» **Supplied material**:

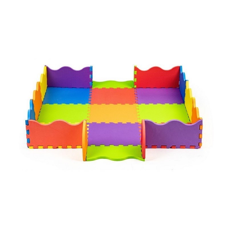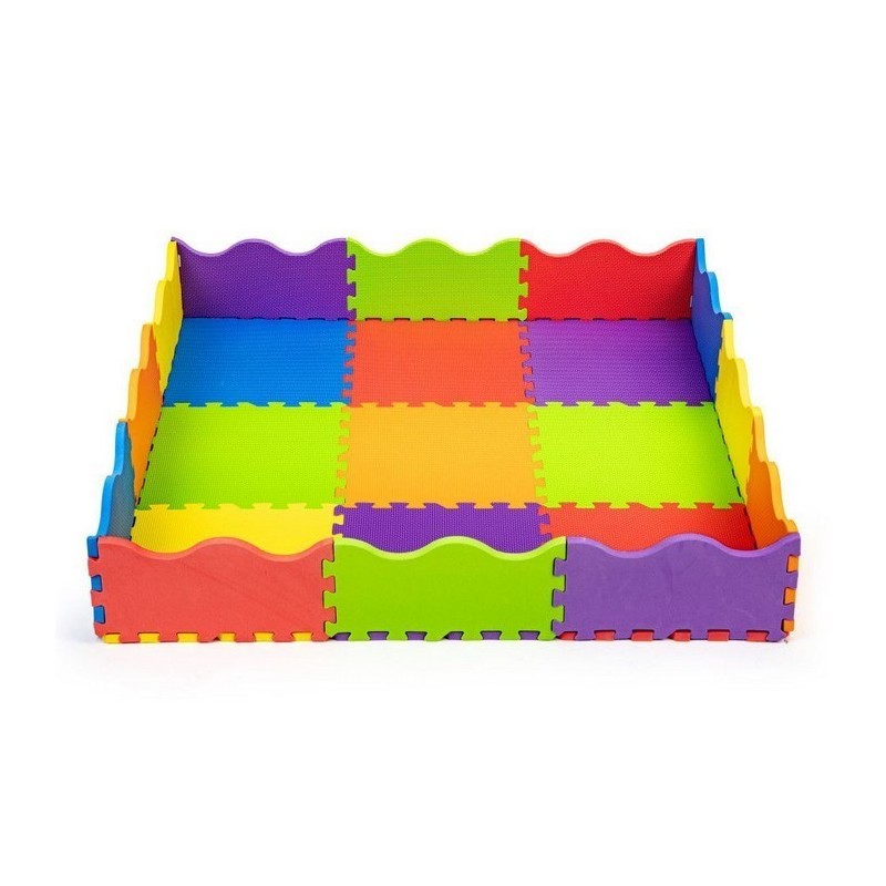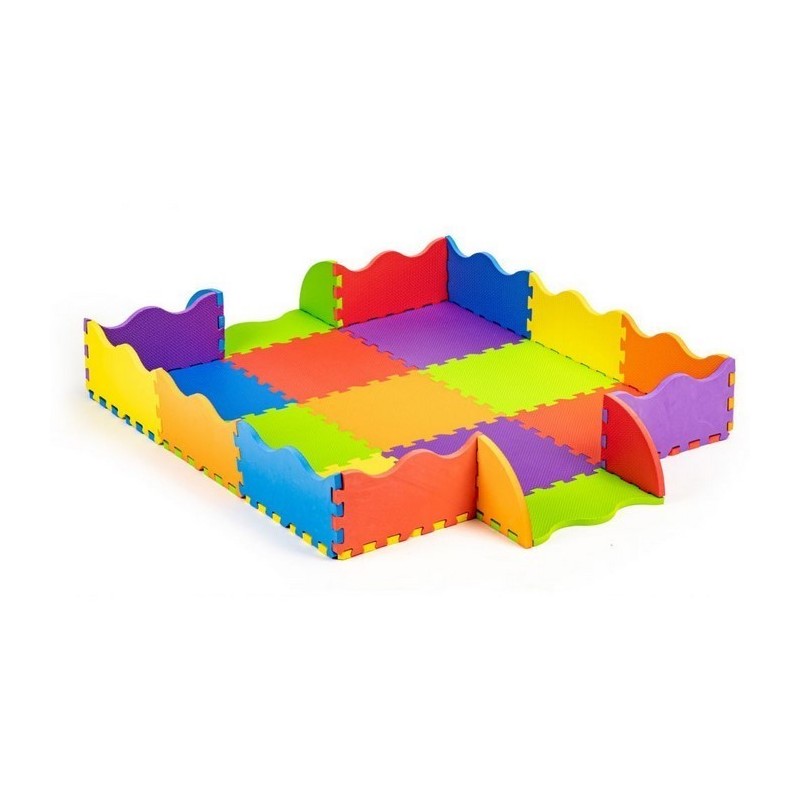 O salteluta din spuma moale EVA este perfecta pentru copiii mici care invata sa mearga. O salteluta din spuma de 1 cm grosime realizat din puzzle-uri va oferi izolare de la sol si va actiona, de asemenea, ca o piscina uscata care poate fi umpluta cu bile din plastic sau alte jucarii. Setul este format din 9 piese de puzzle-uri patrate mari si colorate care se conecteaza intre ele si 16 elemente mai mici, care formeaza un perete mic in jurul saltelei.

--

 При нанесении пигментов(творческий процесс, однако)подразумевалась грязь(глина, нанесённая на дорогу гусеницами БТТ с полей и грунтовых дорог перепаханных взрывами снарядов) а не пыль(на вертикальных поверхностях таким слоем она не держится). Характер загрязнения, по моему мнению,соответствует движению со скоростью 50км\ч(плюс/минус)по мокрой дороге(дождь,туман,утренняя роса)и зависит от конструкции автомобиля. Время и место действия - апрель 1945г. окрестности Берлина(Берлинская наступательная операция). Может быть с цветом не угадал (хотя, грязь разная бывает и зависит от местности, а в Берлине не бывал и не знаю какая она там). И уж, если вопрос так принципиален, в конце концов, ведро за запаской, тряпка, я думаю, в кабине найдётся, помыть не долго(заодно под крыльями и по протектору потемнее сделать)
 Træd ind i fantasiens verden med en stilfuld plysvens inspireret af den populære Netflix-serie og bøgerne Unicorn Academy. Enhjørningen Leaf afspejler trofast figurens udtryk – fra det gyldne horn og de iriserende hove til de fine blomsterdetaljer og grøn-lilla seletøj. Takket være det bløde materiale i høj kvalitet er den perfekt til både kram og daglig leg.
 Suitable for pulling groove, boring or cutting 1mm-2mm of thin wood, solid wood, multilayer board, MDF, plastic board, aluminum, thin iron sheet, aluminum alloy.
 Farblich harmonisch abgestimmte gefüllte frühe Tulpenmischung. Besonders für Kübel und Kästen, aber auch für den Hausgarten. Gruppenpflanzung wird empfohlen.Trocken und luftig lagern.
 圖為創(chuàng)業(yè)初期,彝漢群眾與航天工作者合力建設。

...

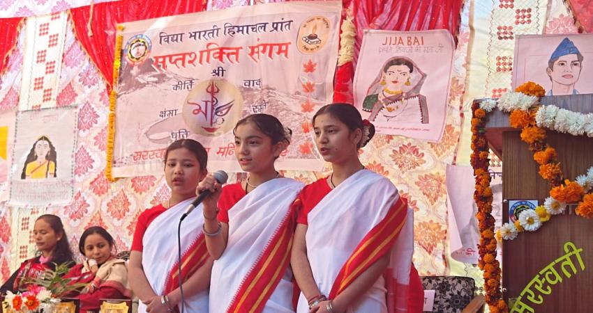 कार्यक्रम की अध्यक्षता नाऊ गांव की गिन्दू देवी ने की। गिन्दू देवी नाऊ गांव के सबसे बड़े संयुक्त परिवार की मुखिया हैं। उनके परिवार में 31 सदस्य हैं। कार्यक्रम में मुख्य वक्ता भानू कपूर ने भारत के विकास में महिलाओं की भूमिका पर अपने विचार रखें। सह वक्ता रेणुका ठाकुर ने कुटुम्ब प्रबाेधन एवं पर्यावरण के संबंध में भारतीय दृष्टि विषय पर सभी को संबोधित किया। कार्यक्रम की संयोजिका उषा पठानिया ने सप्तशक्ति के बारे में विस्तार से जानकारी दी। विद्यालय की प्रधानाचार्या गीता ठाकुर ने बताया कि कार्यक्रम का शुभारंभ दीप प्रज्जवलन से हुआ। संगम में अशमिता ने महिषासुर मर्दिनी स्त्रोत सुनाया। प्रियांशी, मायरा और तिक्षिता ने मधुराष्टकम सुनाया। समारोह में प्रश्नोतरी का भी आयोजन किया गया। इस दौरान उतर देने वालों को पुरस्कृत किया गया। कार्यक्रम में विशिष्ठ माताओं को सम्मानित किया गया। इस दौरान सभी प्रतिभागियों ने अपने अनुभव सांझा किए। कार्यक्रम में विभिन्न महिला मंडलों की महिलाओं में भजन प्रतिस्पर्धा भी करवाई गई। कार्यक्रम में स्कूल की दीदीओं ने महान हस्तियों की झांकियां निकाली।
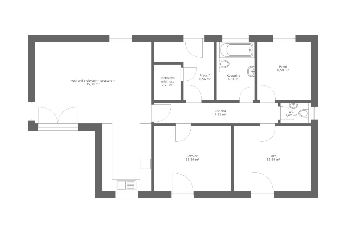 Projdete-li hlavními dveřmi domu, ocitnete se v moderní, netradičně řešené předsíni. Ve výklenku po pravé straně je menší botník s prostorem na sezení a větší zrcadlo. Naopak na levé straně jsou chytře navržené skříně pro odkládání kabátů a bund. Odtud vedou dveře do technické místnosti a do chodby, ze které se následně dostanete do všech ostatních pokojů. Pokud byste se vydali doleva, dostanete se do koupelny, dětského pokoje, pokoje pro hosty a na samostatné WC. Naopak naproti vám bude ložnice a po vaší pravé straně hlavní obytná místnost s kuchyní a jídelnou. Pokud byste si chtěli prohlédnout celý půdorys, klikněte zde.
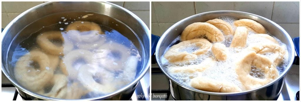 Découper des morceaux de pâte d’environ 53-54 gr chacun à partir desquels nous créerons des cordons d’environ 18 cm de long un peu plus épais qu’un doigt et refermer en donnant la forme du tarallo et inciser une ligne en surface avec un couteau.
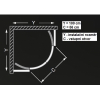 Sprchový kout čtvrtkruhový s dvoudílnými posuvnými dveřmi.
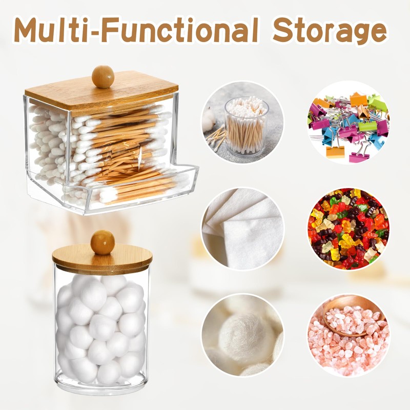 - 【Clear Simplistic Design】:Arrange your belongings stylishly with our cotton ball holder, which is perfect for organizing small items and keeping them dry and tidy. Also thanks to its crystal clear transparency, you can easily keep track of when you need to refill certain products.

» **What to do**:
Within the entries above, the lines from the one containing "Découper des morceaux" through the one containing "Sprchový kout čtvrtkruhový" are to be transcribed exactly, ends included, pictures excluded.

» **Output of the task**:
 Découper des morceaux de pâte d’environ 53-54 gr chacun à partir desquels nous créerons des cordons d’environ 18 cm de long un peu plus épais qu’un doigt et refermer en donnant la forme du tarallo et inciser une ligne en surface avec un couteau.
 Sprchový kout čtvrtkruhový s dvoudílnými posuvnými dveřmi.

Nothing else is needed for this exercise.